南アメリカ大陸の南端に太平洋と大西洋を結ぶ3つの海峡、マゼラン海峡・ビーグル水道・ドレイク海峡がある。マゼラン海峡、ドレイク海峡、ビーグル水道の順に、ヨーロッパ人に知られるようになった。

数年前にクルーズで南アメリカの世界最南端の町ウシュアイアを観光した。ウシュアイアは、ビーグル水道を大西洋から入って、フェゴ島の南側にある、夏でも雪に覆われた山脈を背景にした美しい港町である。その小さな町で、わたしたち夫婦は、カニを食べ、土産物屋に入り、旧刑務所博物館を見学し、スーパー・カルフールCarrefourに入り、そして最後に遊覧飛行を楽しんだ。
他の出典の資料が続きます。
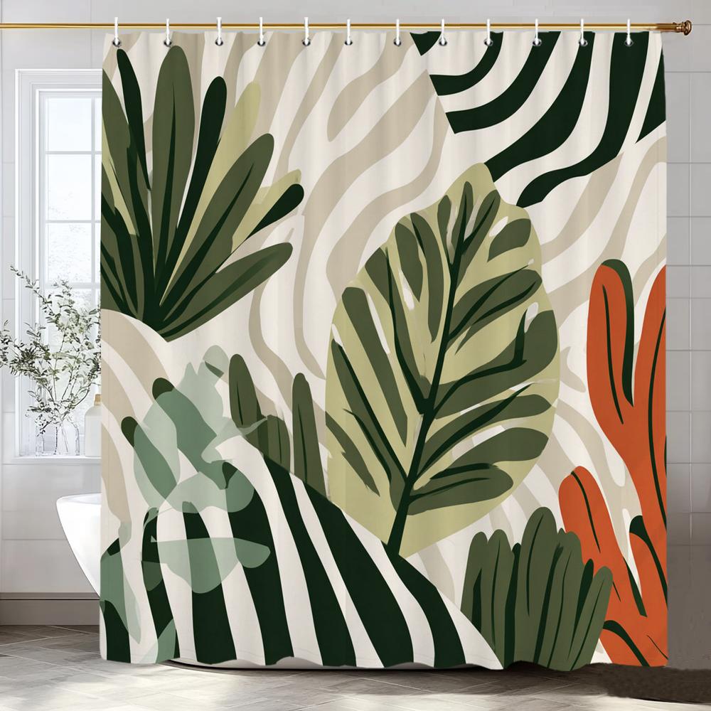 Leaves Print Shower Curtain,Tropical Plants and Leaves Bathroom Decoration Curtain Partition Privacy Hanging Curtain with Hooks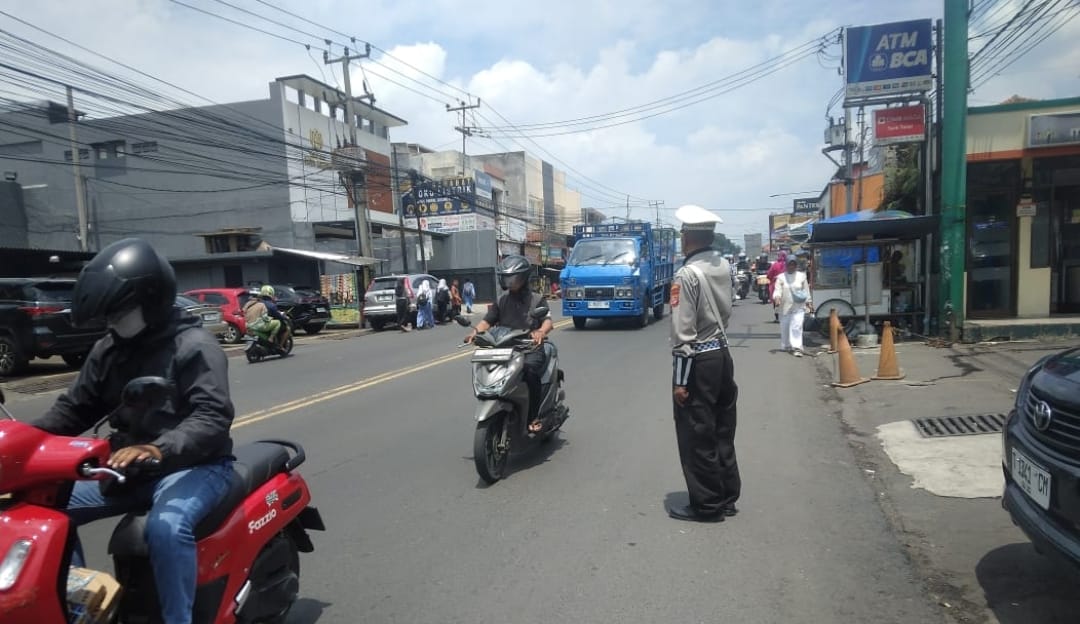 Polrestabes Bandung- Polda Jabar Polsek Ujungberung –Antisipasi kemacetan Siang Hari personil Samapta Polsek Ujungberung melaksanakan pengamanan dan pengaturan di tempat tempat rawan kemacetan seperti Di Jl. A.H. Nasution-Jln Kaum depan Pasar Ujungberung.(25-10-2025)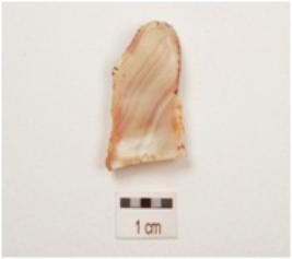 | Description / विवरण | A flake made on agate, blade scars on dorsal side, broken on proximal end, cortex visible on ventral side and use wear marks along cutting edge. |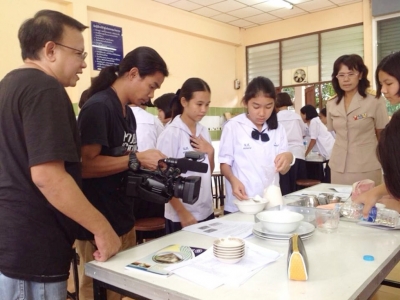 วันที่่ 16 มิถุนายน 2557 ดร.จิตราภรณ์ ใยศิลป์ ผู้อำนวยการโรงเรียนเฉลิมขวัญสตรี พร้อมด้วยคณะกรรมการบริหารโรงเรียน คณะครูและนักเรียนโรงเรียนเฉลิมขวัญสตรี ให้การต้อนรับคณะเจ้าหน้าที่จากช่อง 9 ที่มาบันทึกเทปศูนย์แนะแนวต้นแบบ โรงเรียนเฉลิมขวัญสตรี สำนักงานเขตพื้นที่การศึกษามัธยมศึกษา เขต 39 ในการขับเคลื่อนยุทธศาสตร์เพิ่มสัดส่วนเรียนต่อสายอาชีพ โดยโรงเรียนเฉลิมขวัญสตรี ได้จัดกิจกรรมการเรียนการสอนส่งเสริมการศึกษาสายอาชีพและเป็นแนวทางในการประกอบอาชีพสำหรับนักเรียน เช่น ศูนย์สาธิตการขาย(คหกรรม) งานผ้า งานประดิษฐ์ งานอาหาร การจัดสวนแก้ว งานเกษตร สำหรับการบันทึกเทปในวันนี้จะนำออกอากาศรายการ "บ่ายนี้มีคำตอบ" ทางช่อง 9 วันอังคารที่่ 24 มิถุนายน 2557 เวลา 14.05-14.50 น. (ภาพ:จิราภรณ์,อดิเรก/ข่าว:ประชาสัมพันธ์)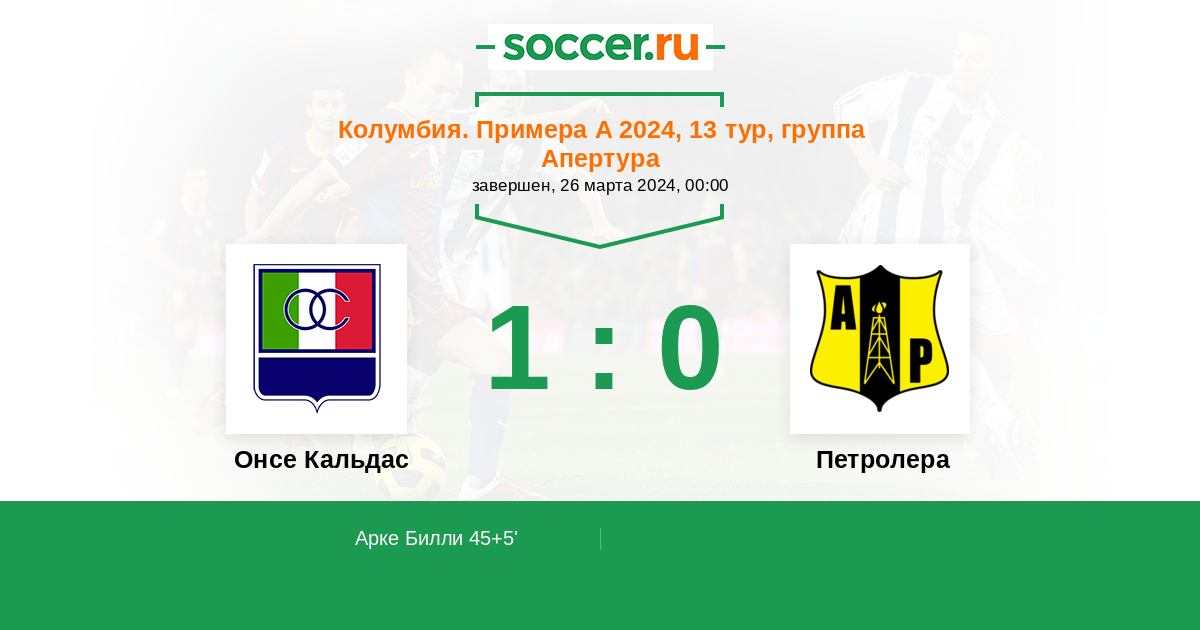 45+5' (1:0) Арке Билли (11) (Мурильо Йонатан (29))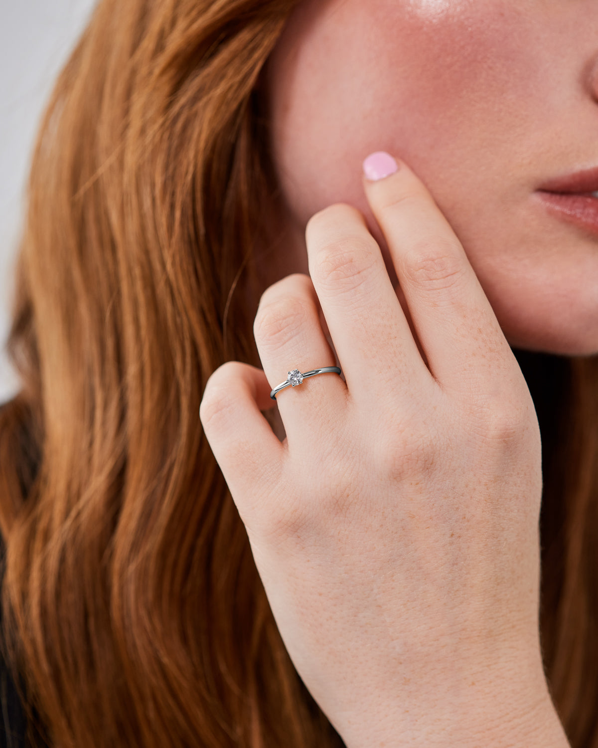 The Engagement Ring pictured features a 0.30ct round brilliant cut white diamond.

眼下には静かなビーグル水道が広がっていた。入り組んだマゼラン海峡のような水域を想像していたため、ビーグル水道の悠々とした光景にむしろ驚かされた。

ウシュアイア
カニ料理
カニ・レストランTIA ELVIRA

ヨーロッパ人がこれらの海峡に現れたのは、マゼラン海峡、ドレイク海峡、ビーグル水道の順であった。

マゼラン海峡
は、南アメリカ大陸とフェゴ島の間に位置している迷路のように入り組んだ難航路である。マゼランは、ここを1520年10月から11月に2か月程かけて、ようやく太平洋に達することができた。数年前に、ウシュアイアを出航してパタゴニアからこの海峡を航海したが、乗客を安心させるために、「専門の水先案内人が乗って安全に通行している」との船内放送が流れた。
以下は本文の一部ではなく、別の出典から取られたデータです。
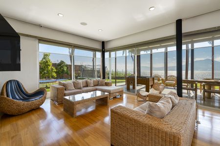 *Una terraza cerrada con puertas corredizas y con una vista panorámica al lago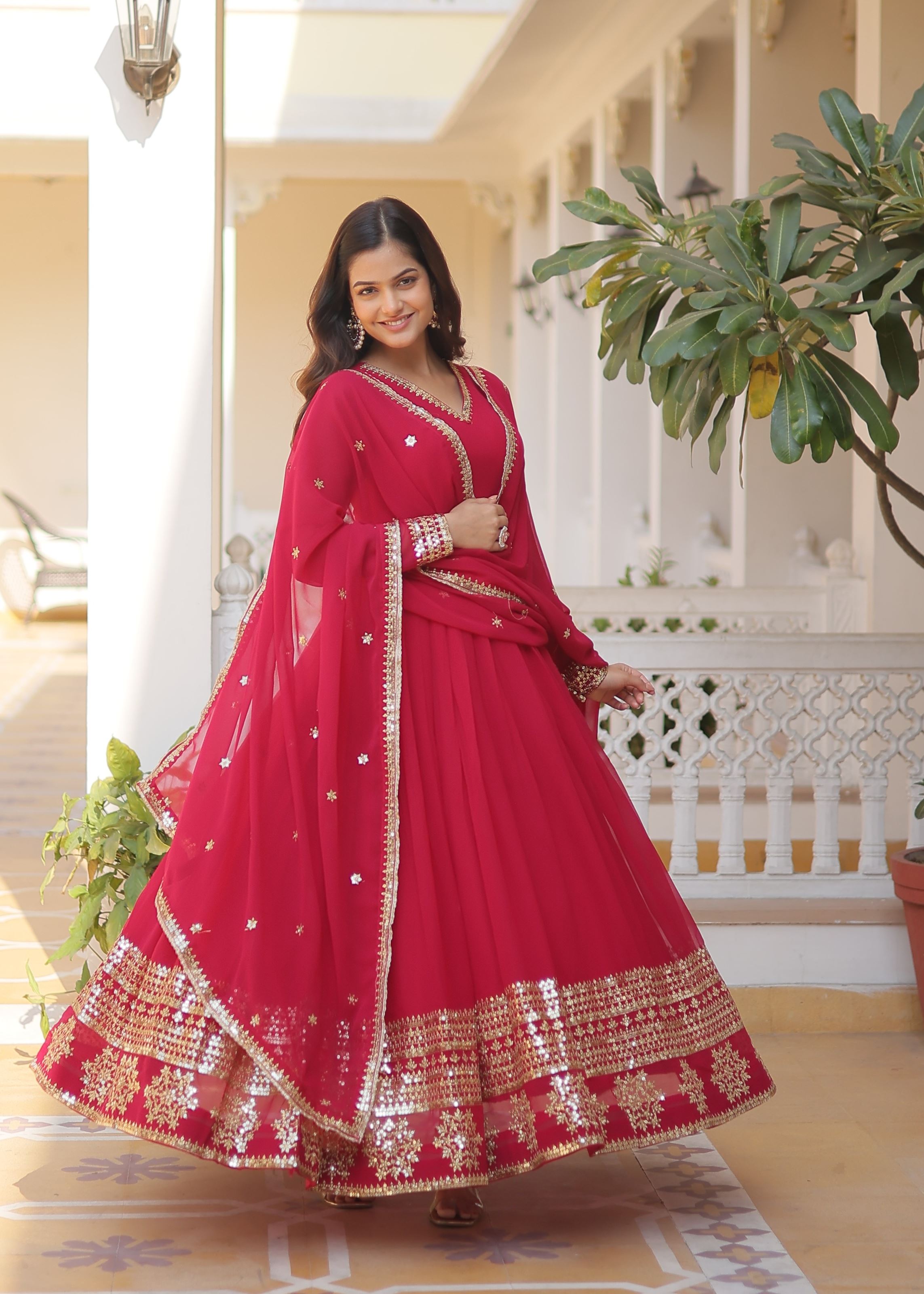 Add a soft, feminine charm to your ethnic wardrobe with the Pink Faux Blooming Suit With Sequins Embroidered Multi-Sequins Work, brought to you by Aethnofit Fashions. Crafted from high-quality faux georgette, this elegant suit features a lightweight feel and graceful fall, making it perfect for festive occasions, weddings, or even elegant office wear. The soft pink hue is delicately enhanced with intricate multi-sequins embroidery, blending sparkle and tradition in a modern silhouette.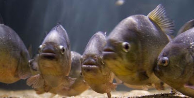 Piranhas attack bathers in Brazil: report | World | DAWN.COM: "BRASILIA:Carnivorous fish attacked bathers in a river in southern Brazil, leaving about 20 of them with bite wounds on their hands and feet, a news website said Monday, citing lifeguards."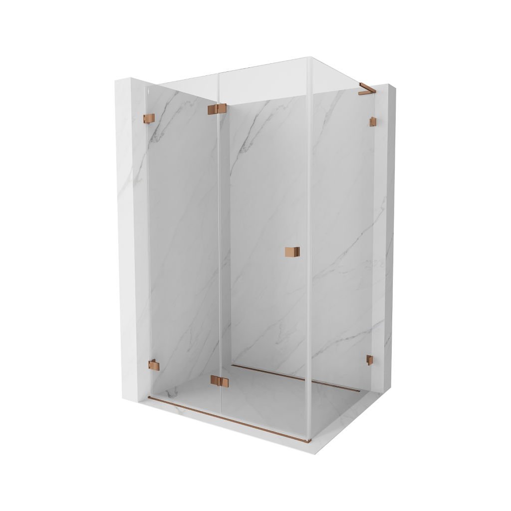 Mexen Lunar-F L, colț de duș rabatabil stânga 90 x 80 cm, sticlă transparentă de 8 mm, profil auriu roz, 836L-090-080-60-00-L

南アメリカ最南端のホーン岬と南極の間にあるドレイク海峡は、人類2回目の世界一周を成し遂げたフランシス・ドレイクの名前に由来する。波の荒い海峡として知られ、南緯60度付近は、「絶叫する60度」といわれる荒れ狂う海域がある。1578年にドレイクの船団が南太平洋で暴風に会いホーン岬に漂着したことで、南アメリカと南極の間には、つながっていると思われていた両大陸間に海峡が存在することが知られた。

そして、第三の海峡が幸運のビーグル水道である。フェゴ島とその南の島との間の水路にあたり、穏やかで真っすぐな道が太平洋と大西洋を結んでいる。ビーグル水道の名前は、チャールズ・ダーウィンを乗せたビーグル号の名前に由来する。この航海(1831〜1836)によりビーグル水道の存在が知られるようになった。私たちが旅したときも海路は穏やかで、静かなクルーズであった。ウシュアイアでは、夫婦で遊覧飛行を楽しんだが、機内から見下ろすビーグル水道は、悠々と流れる大河のようであった。

マゼラン海峡、ドレイク海峡、ビーグル水道と歴史に登場した順番を思うとき、幸運は最後にやって来ると思いたくなる。まさに「残りものには福がある」である。